The court observed that lay persons often fail to appreciate that a close corporation is a separate legal entity and tend to view themselves and the close corporation as one and the same. This is a common mistake that can lead to legal complications. The court also noted that the issue of locus standi was not properly raised on the pleadings, contrary to the finding of the court a quo. The court commented that the resolution ratifying Botha's authority appeared to be an afterthought prepared to regularise the transaction once the attorney became aware of the close corporation's existence. The court's approach to costs reflected the respondent's conduct in contesting the action without any real defence, which justified the attorney and client costs order in the magistrate's court, while fairness dictated that each party bear their own costs in the High Court given the measure of success afforded to the respondent in the final outcome.
This case clarifies important principles regarding undisclosed principals in South African contract law.
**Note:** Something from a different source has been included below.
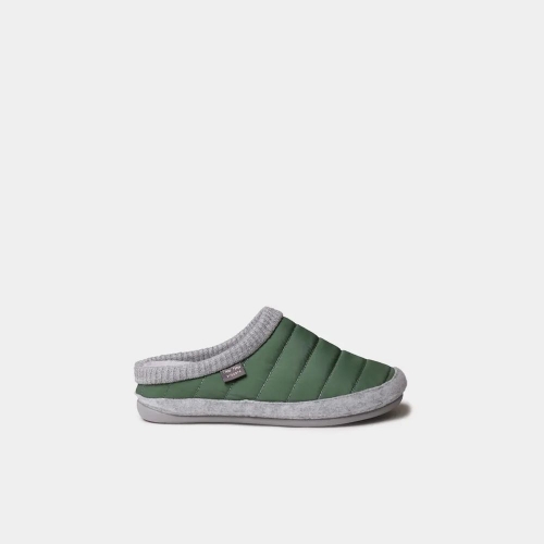 Este diseño combina tejido acolchado y fieltro para ofrecer calidez y confort. La base de la suela es de goma antideslizante, ideal para una pisada firme y segura.

It confirms that an agent contracting in his own name for an undisclosed principal creates alternative rights - the agent may sue in his own name or the principal may elect to sue. The case also reinforces the fundamental principle that a party cannot simultaneously claim both enforcement and cancellation of a contract, as these are mutually exclusive remedies. It serves as a practical reminder that proper legal advice is necessary when dealing with corporate entities and that lay persons often fail to appreciate the separate legal personality of close corporations and companies. The judgment also clarifies that ratification cannot cure a lack of authority in undisclosed principal situations - authority must exist at the time of contracting.